### What the task asks
Although the listing contains pictures, reproduce only its text, exactly as written.

### The data
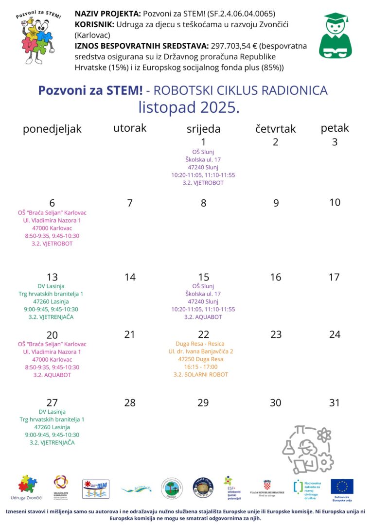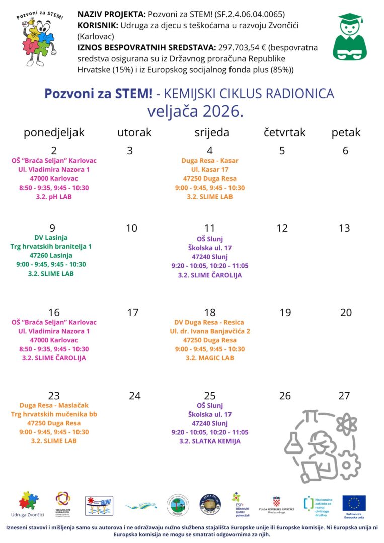 Udruga za djecu s teškoćama u razvoju Zvončići najavljuje nastavak edukativnih i interaktivnih radionica za djecu osnovnoškolske i vrtićke dobi u STEM području, a koje se provode u sklopu projekta sufinanciranog sredstvima Europske Unije naziva „Pozvoni za STEM!“ SF.2.4.06.04.0065 u iznosu od 297.703,54 €.
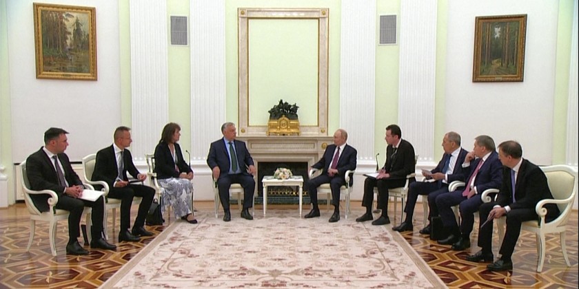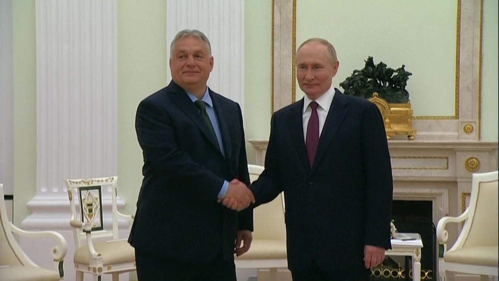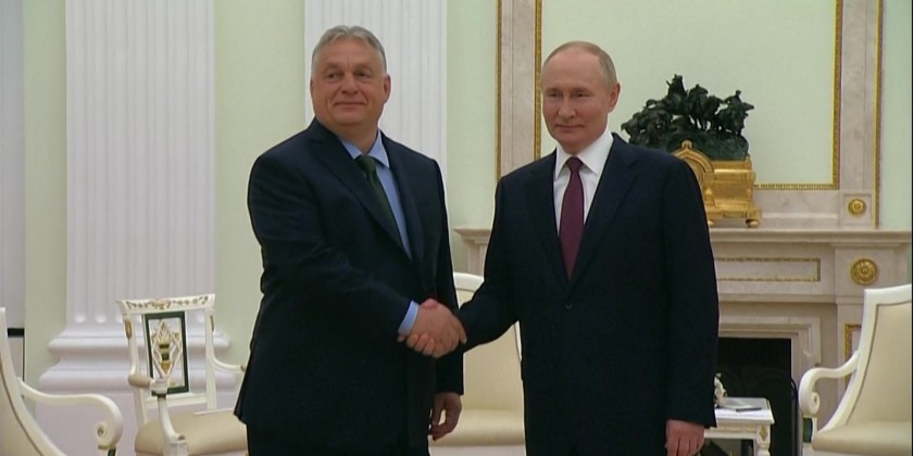 Hungarian Prime Minister Viktor Orban met with Russian President Vladimir Putin in Moscow The meeting on Friday came just a few days after Orban visited Kyiv. Hungary holds the rotating presidency of the European Union .The two met to discuss a variety of global and Orban said the two sides are far apart but that he will do what he can to bring about a peaceful resolution.
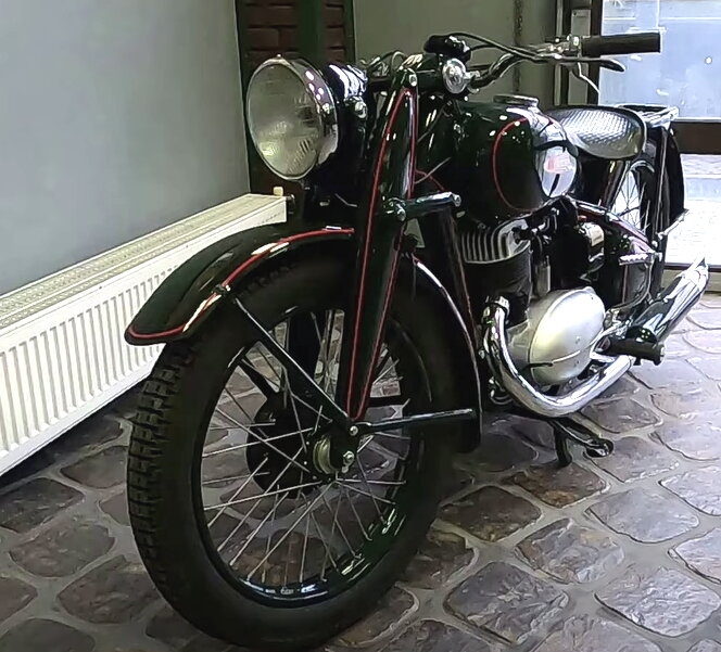 Практически все любители ижевских мотоциклов знают легендарный ИЖ-49. Мотоцикл который, по сути, стал первым массовым транспортным средством СССР. Объемы выпуска превышали сотни тысяч штук в год. Конвейер ижевского мотоциклетного завода работал на полную мощность, выпуская довольно надежный и качественный мотоцикл. Но сегодня мы поговорим не о нем, а о его предшественнике. Именно ИЖ-350 и стал отцом 49-ой модели. По сути, многие идеи заложенные в ИЖ-49, были обкатаны именно на 350-ой модели. Первые мотоциклы увидели свет уже в 1946 году. По сути, ИЖ-350 был копией немецкого DKW NZ-350. Почему именно ДКВ? Все очень просто. После войны в Ижевск из Германии вывезли оборудование и техническую документацию именно на этот мотоцикл. Кроме прочего, на советский завод приехала группа немецких специалистов для наладки оборудования. В итоге получился простой и надежный мотоцикл, который выпускали вплоть до появления ИЖ-49. Основное отличие между моделями 350 и 49, это конструкция передней вилки.

### Exercise response
 Udruga za djecu s teškoćama u razvoju Zvončići najavljuje nastavak edukativnih i interaktivnih radionica za djecu osnovnoškolske i vrtićke dobi u STEM području, a koje se provode u sklopu projekta sufinanciranog sredstvima Europske Unije naziva „Pozvoni za STEM!“ SF.2.4.06.04.0065 u iznosu od 297.703,54 €.
 Hungarian Prime Minister Viktor Orban met with Russian President Vladimir Putin in Moscow The meeting on Friday came just a few days after Orban visited Kyiv. Hungary holds the rotating presidency of the European Union .The two met to discuss a variety of global and Orban said the two sides are far apart but that he will do what he can to bring about a peaceful resolution.
 Практически все любители ижевских мотоциклов знают легендарный ИЖ-49. Мотоцикл который, по сути, стал первым массовым транспортным средством СССР. Объемы выпуска превышали сотни тысяч штук в год. Конвейер ижевского мотоциклетного завода работал на полную мощность, выпуская довольно надежный и качественный мотоцикл. Но сегодня мы поговорим не о нем, а о его предшественнике. Именно ИЖ-350 и стал отцом 49-ой модели. По сути, многие идеи заложенные в ИЖ-49, были обкатаны именно на 350-ой модели. Первые мотоциклы увидели свет уже в 1946 году. По сути, ИЖ-350 был копией немецкого DKW NZ-350. Почему именно ДКВ? Все очень просто. После войны в Ижевск из Германии вывезли оборудование и техническую документацию именно на этот мотоцикл. Кроме прочего, на советский завод приехала группа немецких специалистов для наладки оборудования. В итоге получился простой и надежный мотоцикл, который выпускали вплоть до появления ИЖ-49. Основное отличие между моделями 350 и 49, это конструкция передней вилки.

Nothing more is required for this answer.